Jack Pandol was not only my father; he was my boss for over half my life. Even during periods when I was not answering directly to him, we still would talk about the business a lot and specifically what I was doing.

It was not always easy. I was the ‘baby’ of the family. It was hard to get his respect. Darrel Fulmer was my father’s right hand for over 20 years. When Darrel left the company in 1994, I took his vacated position. I was cautious about making many changes from what Darrel had been doing. I felt that I knew the business but I did not have a lot of confidence yet and was scared to make any serious errors. I made some changes over time and after about three years saw that what changes I had made were good. Now having confidence, I made even more changes and pushed harder.

My dad did not like my cautious approach to operating the company in my first years. We bumped heads on some issues more than once.

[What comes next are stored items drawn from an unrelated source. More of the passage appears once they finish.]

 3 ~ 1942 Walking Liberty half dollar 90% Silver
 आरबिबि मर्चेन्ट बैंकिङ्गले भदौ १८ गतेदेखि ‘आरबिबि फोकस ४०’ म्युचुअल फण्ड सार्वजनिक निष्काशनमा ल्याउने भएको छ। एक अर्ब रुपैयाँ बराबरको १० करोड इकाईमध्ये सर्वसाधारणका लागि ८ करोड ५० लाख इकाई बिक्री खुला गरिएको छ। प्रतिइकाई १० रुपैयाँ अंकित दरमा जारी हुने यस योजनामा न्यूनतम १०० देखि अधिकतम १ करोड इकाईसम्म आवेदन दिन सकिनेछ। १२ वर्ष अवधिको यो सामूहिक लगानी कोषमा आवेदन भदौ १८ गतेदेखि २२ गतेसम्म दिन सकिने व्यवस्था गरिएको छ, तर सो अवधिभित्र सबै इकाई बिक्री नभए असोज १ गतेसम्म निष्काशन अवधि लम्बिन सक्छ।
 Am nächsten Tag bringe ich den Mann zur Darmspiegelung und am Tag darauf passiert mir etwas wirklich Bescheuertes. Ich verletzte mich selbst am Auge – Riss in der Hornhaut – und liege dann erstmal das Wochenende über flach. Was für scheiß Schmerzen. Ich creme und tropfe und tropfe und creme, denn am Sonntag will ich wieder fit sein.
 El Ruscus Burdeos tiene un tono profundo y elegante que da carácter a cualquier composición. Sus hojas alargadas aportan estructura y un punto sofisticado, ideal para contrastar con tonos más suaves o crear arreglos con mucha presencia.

I was cautious and he was in his 70’s still pushing MOVE, GO! However, by the time we arrived into the late 90’s, he could see that profits under my watch had doubled over that previous few years. I now had the confidence to move along faster, which made him happier. The company was doing better than ever. For the couple of years before his health failed in 1999, I had gotten his professional respect. I do feel that he started to think of me not as his ‘baby’ but as his peer. These years were the most satisfying in my career. Unfortunately, this only lasted a couple of years.

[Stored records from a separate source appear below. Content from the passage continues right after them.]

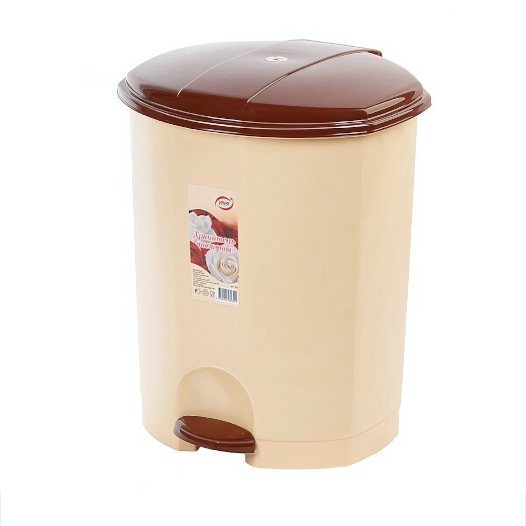 Компактные габариты позволяют разместить контейнер даже в узком пространстве между мебелью. Сочетание кремового корпуса с коричневой крышкой создает нейтральную цветовую гамму, которая впишется в любой интерьер. Доступны и другие варианты расцветок.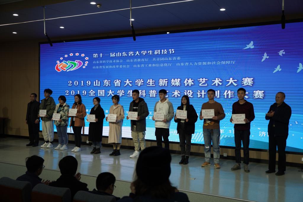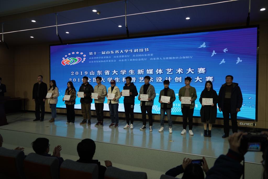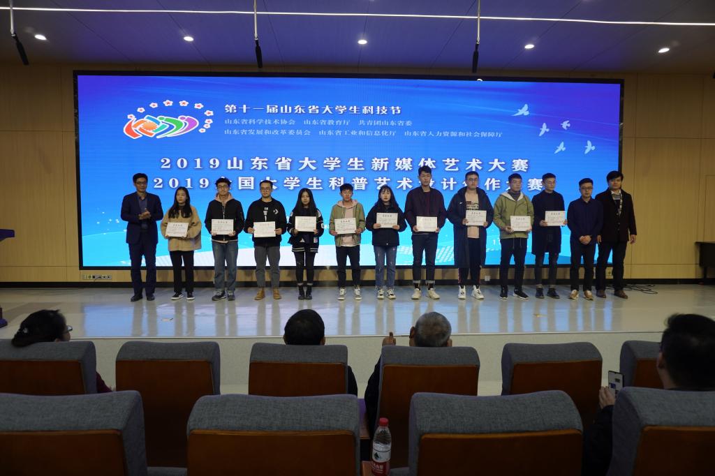 11月21日,2019全国大学生科普艺术设计创作大赛颁奖典礼在304am永利集团官网第一阶梯教室举行。山东省科协服务中心主任刘利印,山东科技报社副总编肖鹏,山东省科普创作协会秘书长魏九玲,304am永利集团官网党委委员、纪委书记苗新民,工业设计学院院长王延羽,总支副书记姬升果,副院长林宇峰,工业设计教研室副主任张公明出席颁奖仪式。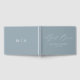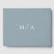 Livro de convidados elegante com "Guest Book", exibido em um moderno roteiro de caligrafia branca sobre um fundo azul empoeirado. Personalize a frente do simples livro de convidados do casamento com seus nomes e data do casamento. A parte de trás do livro de hóspedes azul empoeirado mostra as suas iniciais do monograma. Adicione seu nome casado e data de casamento à espinha do livro de hóspedes.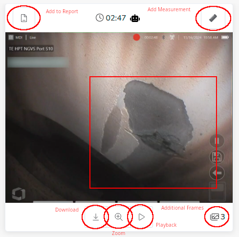 Thumbnail Options : The thumbnail header indicates the timestamp in the video or the blade number, if available. It also has icons to ‘Add to report’ or ‘Add measurement’ to the finding. You can also download, zoom or play any thumbnail using the ‘Download’, ‘Zoom’ and ‘Playback’ icons give in the bottom of the thumbnail. If the finding is already added to the report or if the measurement exists against the finding, the 'Add to Report’ and 'Measurement’ icons are highlighted in blue.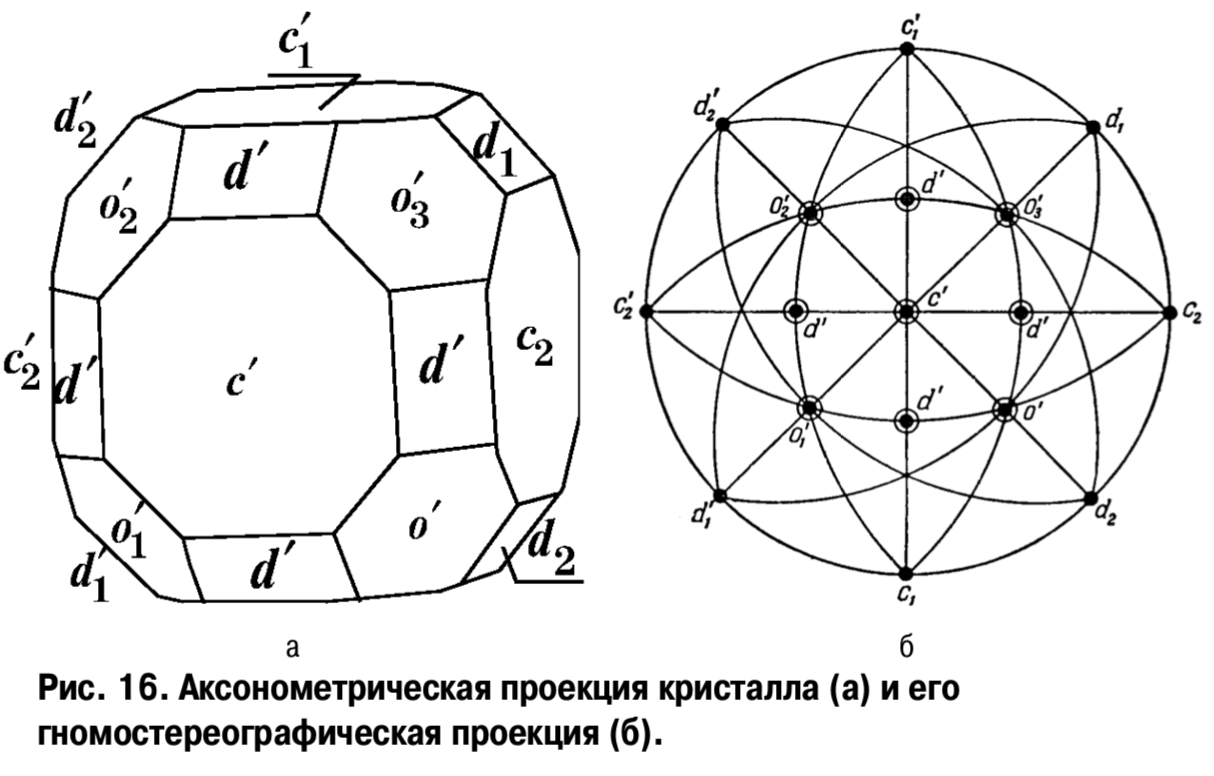 (полярному) комплексу. Иногда их совмещают на одном чертеже, изображая элементы симметрии кристалла с помощью стереографической проекции, а грани и ребра – с помощью гномостереографической.

In June of 1999, my father became very ill and spent 5 weeks in the hospital and much of it in ICU. Though it was never clear exactly what he had, blood clots and encephalitis were involved. He improved and was eventually released from the hospital. He never recovered fully the energy and mental capabilities that he had before the illness. He was never the same again. I felt that I had lost the professional relationship I had with my father just when we were enjoying it the most.

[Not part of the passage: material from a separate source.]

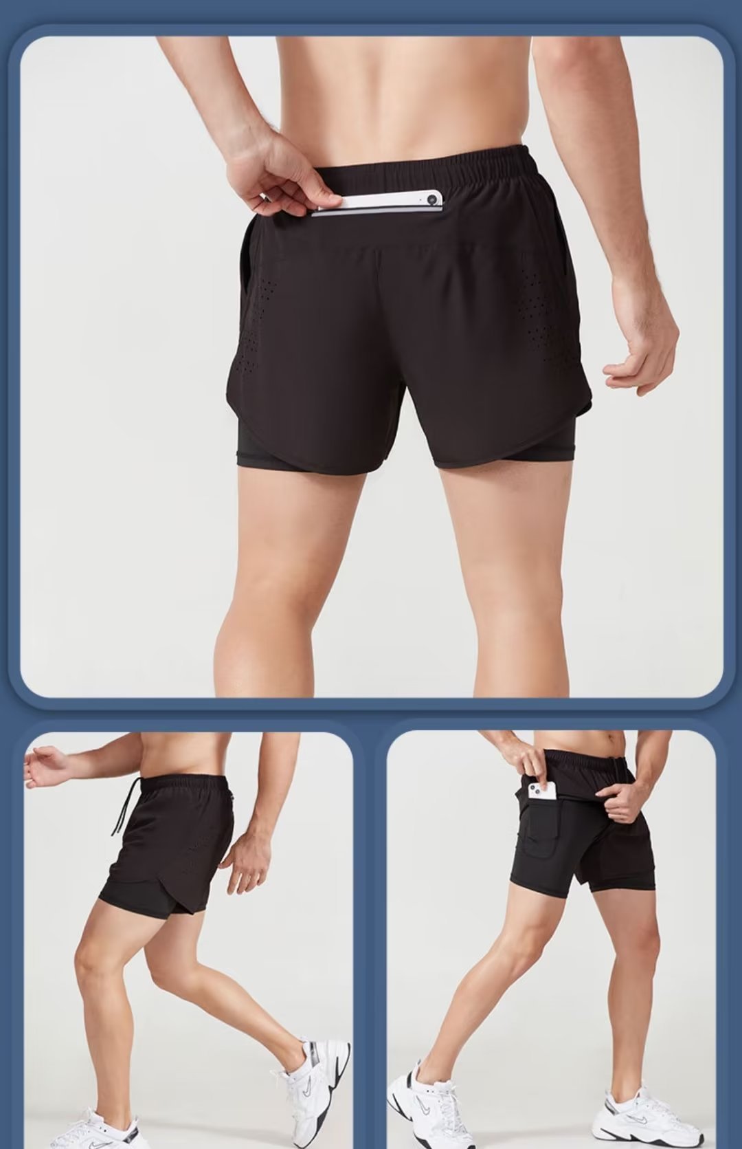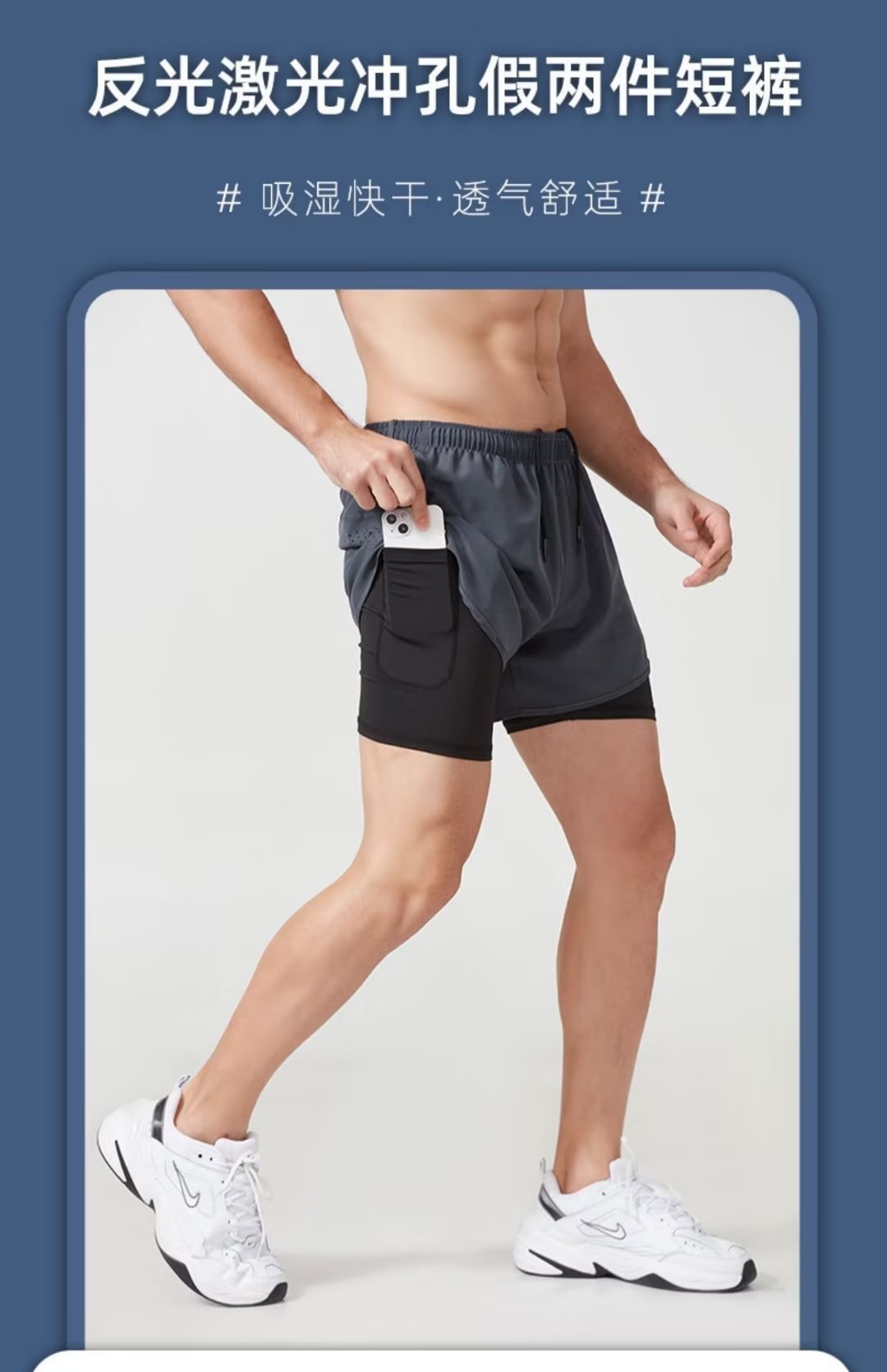 「二合一款!可放手机」跑步短裤 男专业马拉松短裤 田径三分裤内衬裤子运动假两件运动服饰

His health slowly declined over time. Dementia turned into Alzheimer’s Disease. During his last couple years he generally did not know who I/we were. The relationships of working together and of his being my father were both basically gone. I missed him. Now that he has passed on, I miss him more. I say to him, “You go on ahead Boss. We’ll catch up with you later”.

— Jim Pandol
Agricola James Alan Pandol E.I.R.L
Pandol Assoc. Marketing, Inc.
Pandol Family Farms
Quinto Farming
www.pandolmarketing.com

We’ve been fortunate enough to share an experience Jim had. We too had the opportunity to work with an extraordinary man who was also our father. It is decades later, and yet we remember the lessons, some intentional and some implicit, every single day.

There are many lessons in Jim’s tale, and we hope he sends more as time passes. We could speak at length about the points that Jim has made.

For now, it is enough to say that surely Jack would be pleased. We ran two articles with people with nothing but good to say about Jack and, now, we have his longtime associate Darrell Fulmer saying the same and his son, his youngest child, demonstrating how intently he listened.

There is a Sondheim song from Into the Woods called “Children Will Listen” that warns adults that children hear everything — both what you wish to communicate and what you, through your actions, do communicate. Some of the key words:

Careful the things you say
Children will listen
Careful the things you do
Children will see and learn
Children may not obey, but children will listen
Children will look to you for which way to turn

Jack built a great business and was an industry leader. Yet, the values he believed in will live on, not in a vineyard or a business, but through his children. Perhaps a reminder to all of us who work hard as to what ultimately matters.

Many thanks to Jim for sharing so much when the hurt is still raw. And condolences to Jim and the whole Pandol family.

Requiem aeternam dona eis,
Domine, et lux perpetua luceat eis
.

Eternal rest grant unto them, O Lord, and let perpetual light shine upon them.